Wednesday, November 11, 2009

Life And Nothing But

On our visit to the Somme battlefields last July, we stopped at Lochnagar Crater near La Boiselle. This enormous dent in the Picard landscape was left by British miners detonating a total of 60,000 lbs of Ammonal under the German front line at 7.28 on the 1st july 1916. It was one of the first events of what was to become the bloodiest day in the history of the British army, with almost 60,000 casualties in those first hours.

France

The crater is now privately owned by an Englishman, Richard Dunning. He managed to purchase the site in 1978, concerned by encroachment of agriculture and attempts to refill the hole. Today, Lochnagar attracts about 300,000 visitors annually. Given the scale of the slaughter in the vicinity - it's thought that the remains of at least 300 Germans lie in the crater - it's perhaps not surprising that even such a well-visited site sometimes gives up its dead. In 1998 the remains of Private George Nugent of the Tyneside Scottish were discovered by accident on the western lip of the crater by two British tourists. After exhaustive research leading to his identification, Private Nugent's name was removed from the Thiepval Memorial to the missing and he was laid properly to rest at Ovillers Military Cemetery near Albert. The inscription on his headstone reads: 'Lost, found - but never forgotten'.

France

4 comments:

Affer said...

Coincidence: did that one too. Found it quite touching - more so than the nearby Tommy's cafe which was quite ghastly IMO. A few miles away, near Beaucourt if my memory is correct, is another crater which one reaches after a climb along the edge of a field. It now is just a jumble of trees and scrub and presents a different feeling altogether: somehow spookier and more desolate because one cannot see the bottom of it. (I am so damn mad that I lost my camera and all my photos of the trip!)

TIW said...

Was that Hawthorn Crater? We didn't manage to get there, but we're already planning to go back.

There are some very spooky places round there. We went into Rossignol Wood to look for the wrecked bunker, and we couldn't get out of there quick enough. Very uneasy - and so was Mametz Wood. Just standing by the dragon memorial felt creepy - as if hundreds of pairs of eyes were watching us from the wood itself.

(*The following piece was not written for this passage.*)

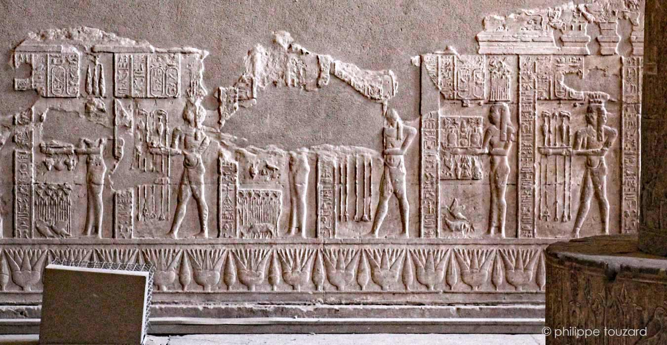 Sur le linteau, le roi est précédé par le Nil qui apporte l'eau des purifications. Devant eux, Isis, Osiris, Harsomtous, puis Hathor, Harsiésis et Harsomtous (p.412 du Pronaos).

We didn't go in the Tommy Café, we suspected it might be a bit like that. We liked the Highlander Bar in Albert though - just a friendly pub with relics the regulars had dug out of the landscape. The lady behind the bar kept dragging out enormous shells to show us. I'm fairly sure they'd been made safe.

Affer said...

It was indeed Hawthorn Crater! I didn't get to either Rossignol Wood or Mametz - a blog on them would be good if you could....

TIW said...

I'll see what I can do - Mametz really gave me the creeps, and having dug about on t'interweb it seems I'm not the only one.